Cinks win Father/Son Challenge in 1st try
PHOTOS: 2013 PNC Father/Son Challenge (Final)
Stewart Cink and his son, Connor, eagled the 18th hole and won by three strokes at the 2013 PNC Father/Son Challenge at The Ritz-Carlton Golf Club in Orlando.
ORLANDO, Fla. – Connor Cink was 15 years old when his dad, Stewart Cink, won the 2009 Open Championship at Turnberry.
He remembers watching his dad sink a 12-foot birdie putt on the 72nd hole that eventually would force a playoff with five-time Open champion Tom Watson. The elder Cink would then defeat Watson in four extra holes to capture his lone major victory.
"I just remember thinking that this is the most incredible thing," Connor Cink said. "I've believed in him playing all through (his career), but watching him almost go unconscious and knock down these ridiculous shots one after another, it was just surreal."
Four years later, Connor Cink, now 20, was able to share another memorable moment with his dad, as the two won in their debut at the PNC Father/Son Challenge on Sunday.
And again, Stewart Cink drained a big putt on the final hole. Leading Steve Elkington and his son, Sam, by a shot entering the par-18th at the Ritz-Carlton Golf Club, Stewart Cink got a good read on a missed 22-foot eagle putt from his son.
He then stepped up and drained the eagle to wrap up a second straight 11-under 61 and seal a three-shot victory over the Elkingtons and the team of Vijay Singh and his son, Qass.

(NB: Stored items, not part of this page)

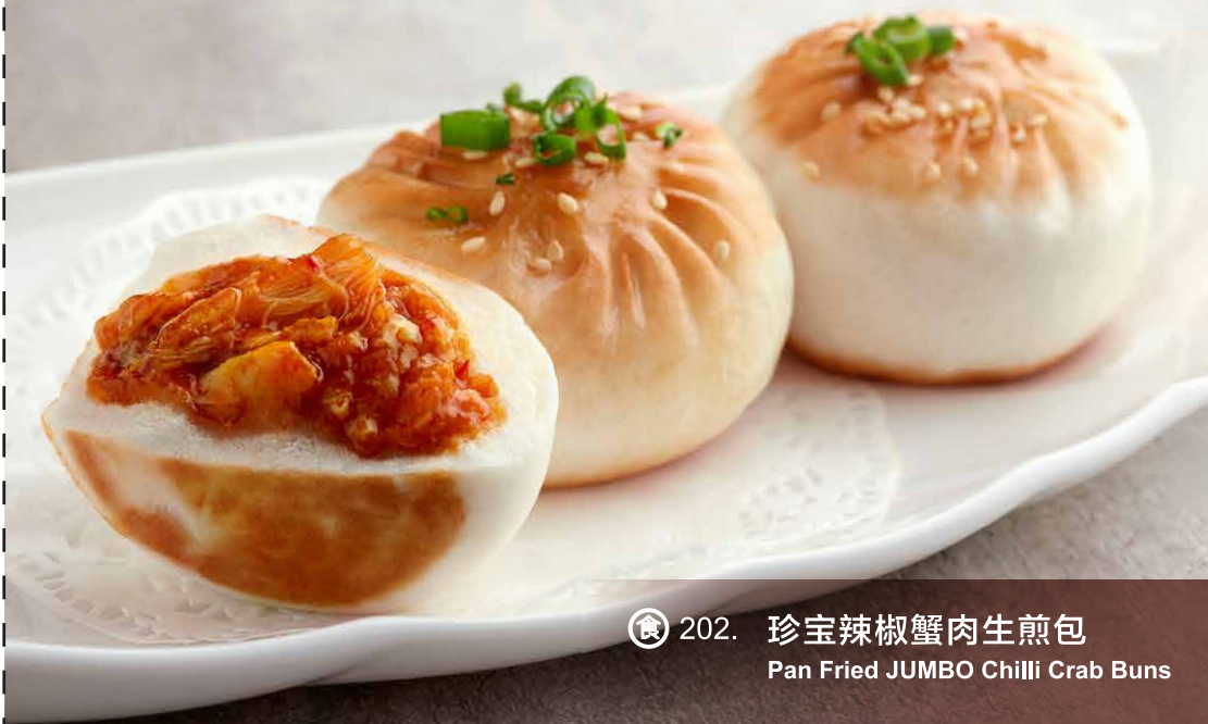
① 202. 珍宝辣椒蟹肉生煎包 Pan Fried JUMBO Chilli Crab Buns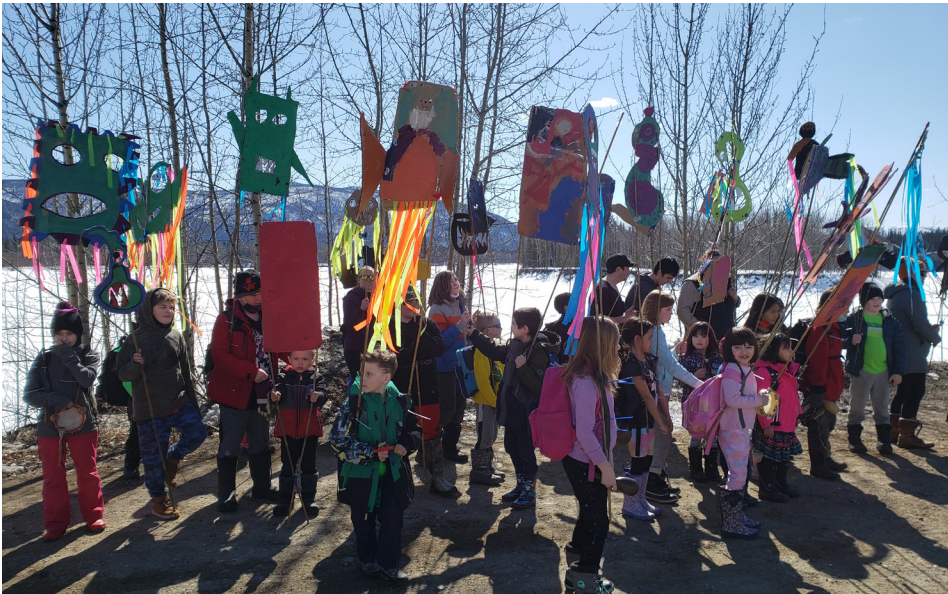
Figure 1. All 48 students from the J. V. Clark school in Mayo paraded their monsters down to the River on one of the first fine spring days of April, 2021.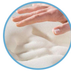
90D high-quality memory foam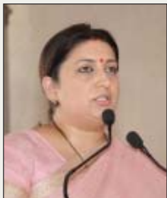
Mrs. Smriti Zubin Irani , Minister of Textiles, Govt. of India

What makes IHGF special is its distinctive feature of seeking to bring the best of Indian businesses under one roof and ensuring that they have traction from buyers across the world. I am happy at the guidance EPCH has offered to the North Eastern Region of India and ensure that they are prominently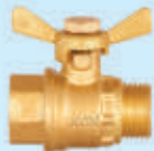
Forging Brass Butterfly B.V

"I know it's one of the biggest wins in his career. It's definitely the biggest in mine," said Connor Cink, a freshman at Clemson, although he doesn't play golf there.
"It's pretty unusual to have a putt to win a golf tournament when you know the worst you're going to have left is this much (less than 2 feet)," Stewart Cink said. "I had a free run at a 22-footer to win.
"That's a nice feeling, and to see the ball go in the middle (of the cup), that was also very cool."
After holding a one-shot lead over the Elkingtons following Saturday's first round of the two-man-scramble event, the Cinks fell behind early. A bogey at the second hole dropped them to 10 under and left them three shots back of their playing competitors, the Elkingtons.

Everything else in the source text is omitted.